I am trying to concatenate CSV files from a folder in my desktop:

C:\\Users\\Vincentc\\Desktop\\W1 

and output the final CSV to:

C:\\Users\\Vincentc\\Desktop\\W2\\conca.csv

The CSV files don't have header. However, nothing come out when I run my script, and no error message. I'm a beginner, can someone have a look at my code below, Thanks a lot!

import os
import glob
import pandas

def concatenate(indir="C:\\Users\\Vincentc\\Desktop\\W1",outfile="C:\\Users\\Vincentc\\Desktop\\W2\\conca.csv"):
    os.chdir(indir)
    fileList=glob.glob("indir")
    dfList=[]
    for filename in fileList:
        print(filename)
        df=pandas.read_csv(filename,header=None)
        dfList.append(df)
    concaDf=pandas.concat(dfList,axis=0)
    concaDf.to_csv(outfile,index=None)
Martin Evans
  • 45,791
  • 17
  • 81
  • 97
VinC
  • 31
  • 1
  • 3
  • 1
    you are not calling the `indir` variable, but a string `fileList=glob.glob(indir)` – PRMoureu May 16 '18 at 06:07
  • Thank you! I changed the "indir" back to fileList=glob.glob(indir), but still, when I do print(filename) , no filename output. – VinC May 16 '18 at 06:21
  • Try adding `\\*` to the end of `indir` – Martin Evans May 16 '18 at 11:42
  • Did one of the answers below help? If so, consider [accepting](https://stackoverflow.com/help/someone-answers) (green tick on left), or ask for clarification. – jpp May 24 '18 at 23:06

2 Answers2

3

Loading csv files into pandas only for concatenation purposes is inefficient. See this answer for a more direct alternative.

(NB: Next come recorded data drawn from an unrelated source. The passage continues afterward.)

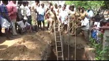 A crocodile trapped in a 45-ft deep pit was pulled out to safety after a marathon operation in the north Indian state of Rajasthan.<br /><br />The 9-foot-long reptile crawled out of the Parwan river and got trapped in the pit being dug up for construction of a road bridge at Kalmodia in Baran district on November 1.<br /><br />According to forest department officials, people working at the site informed them about the presence of a crocodile in the pit late in the night.<br /><br />The rescue team arrived the following morning at the scene and started rescue operations. The depth of the pit required the use of a hydraulic winch to lift out the crocodile. <br /><br />The driver is seen slowly and carefully lifting the beast out of the pit to avoid causing any injury to the animal in distress. <br /><br />The beast, forest rangers said, was trapped in the pit for around 17 hours and was rescued after a three-hour-long operation carried out by the joint team of Harnavdashahji, Sarthal and Aklera forest rangers and staffers.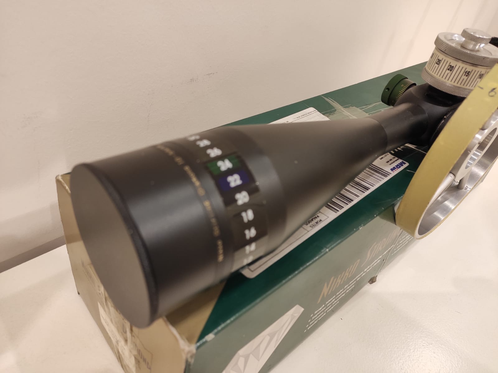 También lo podría vender con un visor Nikko Stirling Diamond MK2 tal y como se ve en la foto con rueda de paralaje en alumino de 170mm de diám. montada con imanes de rápido montaje, torreta sobredimensionada reseteable, goma ocular tipo oreja de cerdo, etc. Todo el conjunto por 2300€.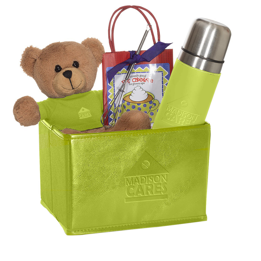 The holiday season is around the corner! Leeman Lime-Green Tuscany Thermos, Bear and Hot Cocoa Set is perfect for gift giving and improving your brand's awareness. It offers a creative and memorable way for you to thank your customers, recognize employees and helps you achieve new business. The friendly stuffed bear will always wear your logo well! Its t-shirt "bearing" your promotional logo will brighten up anyone's day. Thermos 16.9 oz. made of stainless steel with bonded leather sleeve for your custom logo imprint. The festive package also contains a personalized bag of cocoa mix making a perfect gourmet addition to a holiday gift set. All goodies come in a Venezia Folding Bin.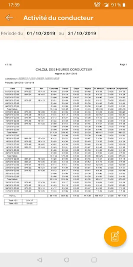 Complete analysis of the driver's activity - driving hours, overtime. at 25 and 50%, night hours ...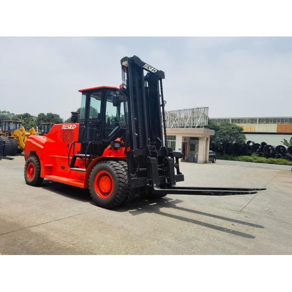 The Heavy Lift Forklift is a container forklift that is specially designed to handle heavy loads and provide high efficiency and reliable performance. It is available in an eye-catching orange red color and can also be customized according to the customer's preference.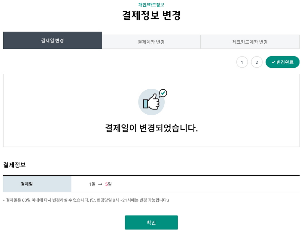하나카드 결제일이 변경되었습니다. 1일에서 5일로 변경을 했습니다. 앞서 말씀드린 것과 같이 결제일은 60일 이내에 변경이 불가능합니다. 다만 당일 9~21시 사이에는 변경이 가능하니 다시 변경하고 싶으신 분은 변경 신청을 하시면 되겠습니다.
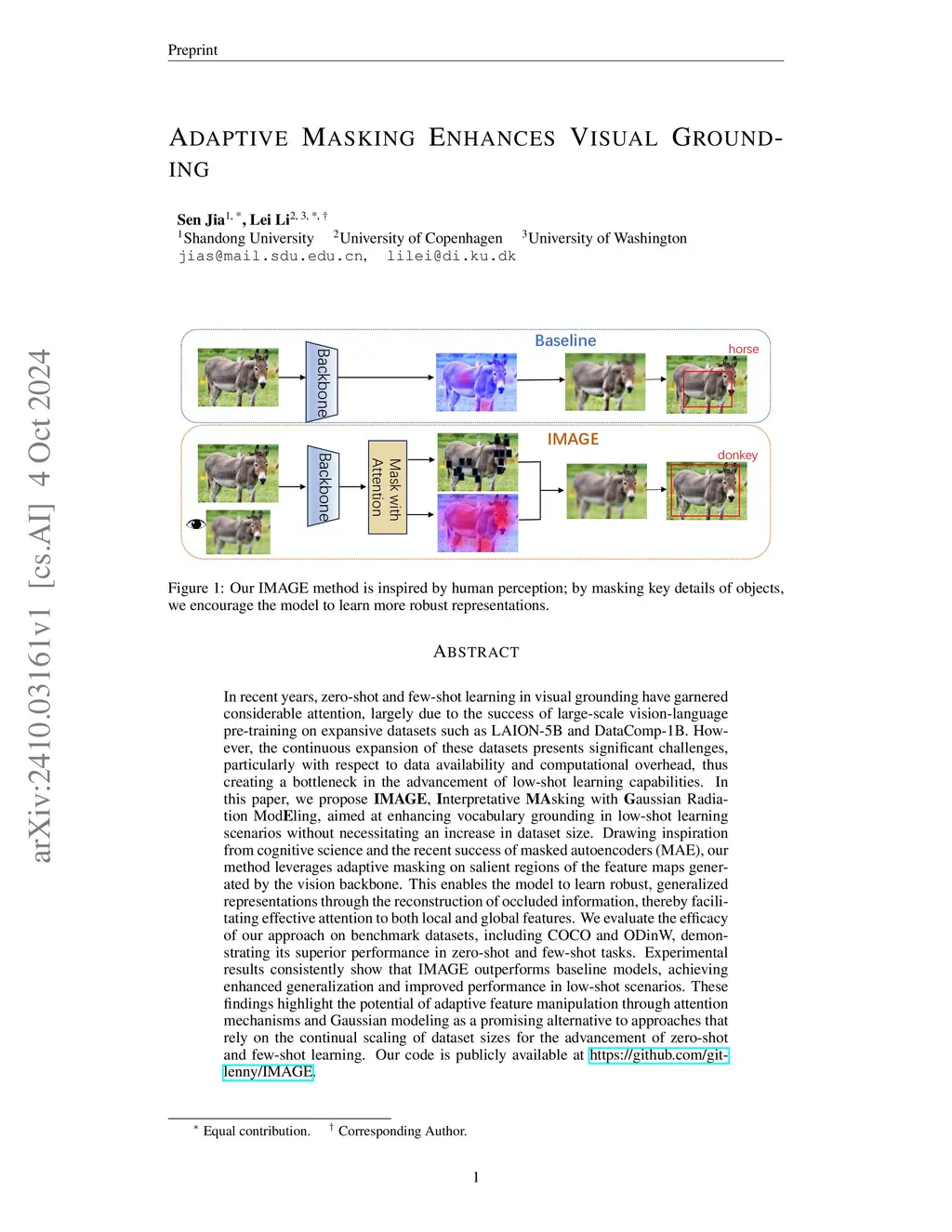 In recent years, zero-shot and few-shot learning in visual grounding have garnered considerable attention, largely due to the success of large-scale vision-language pre-training on expansive datasets such as LAION-5B and DataComp-1B. However, the continuous expansion of these datasets presents significant challenges, particularly with respect to data availability and computational overhead, thus creating a bottleneck in the advancement of low-shot learning capabilities. In this paper, we propose IMAGE, Interpretative MAsking with Gaussian radiation modEling, aimed at enhancing vocabulary grounding in low-shot learning scenarios without necessitating an increase in dataset size. Drawing inspiration from cognitive science and the recent success of masked autoencoders (MAE), our method leverages adaptive masking on salient regions of the feature maps generated by the vision backbone. This enables the model to learn robust, generalized representations through the reconstruction of occluded information, thereby facilitating effective attention to both local and global features. We evaluate the efficacy of our approach on benchmark datasets, including COCO and ODinW, demonstrating its superior performance in zero-shot and few-shot tasks. Experimental results consistently show that IMAGE outperforms baseline models, achieving enhanced generalization and improved performance in low-shot scenarios. These findings highlight the potential of adaptive feature manipulation through attention mechanisms and Gaussian modeling as a promising alternative to approaches that rely on the continual scaling of dataset sizes for the advancement of zero-shot and few-shot learning. Our code is publicly available at https://github.com/git-lenny/IMAGE.

If you insist on using pandas, the 3rd party library dask provides an intuitive interface:

import dask.dataframe as dd

df = dd.read_csv('*.csv')  # read all csv files in directory lazily
df.compute().to_csv('out.csv', index=False)  # convert to pandas and save as csv
jpp
  • 159,742
  • 34
  • 281
  • 339
  • I'm getting this error: `ValueError: Length mismatch: Expected axis has 4 elements, new values have 3 elements` – 大朱雀 Feb 23 '21 at 13:27
1

glob.glob() needs a wildcard to match all the files in the folder you have given. Without it, you might just get the folder name returned, and none of the files inside it. Try the following:

import os
import glob
import pandas

def concatenate(indir=r"C:\Users\Vincentc\Desktop\W1\*", outfile=r"C:\Users\Vincentc\Desktop\W2\conca.csv"):
    os.chdir(indir)
    fileList = glob.glob(indir)
    dfList = []

    for filename in fileList:
        print(filename)
        df = pandas.read_csv(filename, header=None)
        dfList.append(df)

    concaDf = pandas.concat(dfList, axis=0)
    concaDf.to_csv(outfile, index=None)

Also you can avoid the need for adding \\ by either using / or by prefixing the strings with r. This has the effect of disabling the backslash escaping on the string.

Martin Evans
  • 45,791
  • 17
  • 81
  • 97